Aber Kennedy erlaubt sich auch manche Freiheit. Er ergänzt beispielsweise die Aufnahme mit Gedichten, die Vivaldis von der Musik beschworene Natur- und Landschaftsbilder in Worte fassen. Kennedy hat diese Gedichte musikalisch selbst vertont und lässt sie hier von einem Vokalquartett (bestehend aus Zee Gachette, Xantone Blacq, Kakie Taylor-Black und Lucy Potterton) singen. Ferner hat bei Kennedy das Standard-Tasteninstrument der Vivaldi-Zeit, das Cembalo, ausgedient. Er verwendet die moderneren Nachfolger: Klavier und Hammond-Orgel.

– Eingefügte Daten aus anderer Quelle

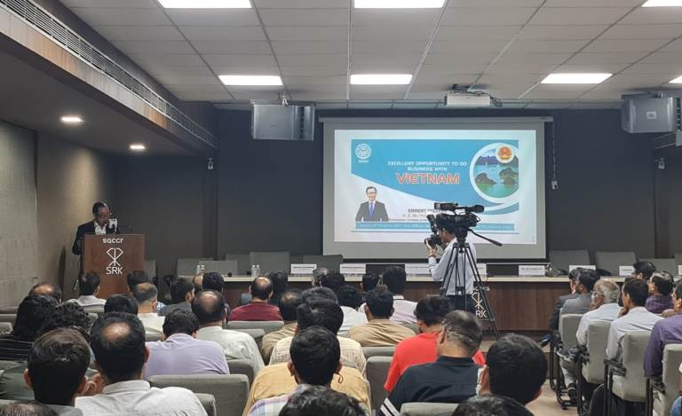 Trong thời gian làm việc tại bang Gujarat, Đại sứ quán Việt Nam tại Ấn Độ đã phối hợp Phòng Thương mại và Công nghiệp Nam Gujarat tổ chức diễn đàn thương mại đầu tư tại thành phố Surat, trao đổi cơ hội hợp tác trong các lĩnh vực có nhiều tiềm năng hợp tác kinh doanh như dệt may, dược phẩm và hóa chất.

Vivaldis Vier Jahreszeiten, richtig, aber so, wie wir sie noch nie gehört haben. Rhythmus, Klang und Besetzung haben sich verändert, und die Erweiterung um Singstimmen und Elektronik verleiht der Musik zweifellos eine neue Dimension. Aber Kreativität bedeutet schließlich Wandel, und wenn eines für Nigel Kennedy niemals infrage käme, dann Stillstand.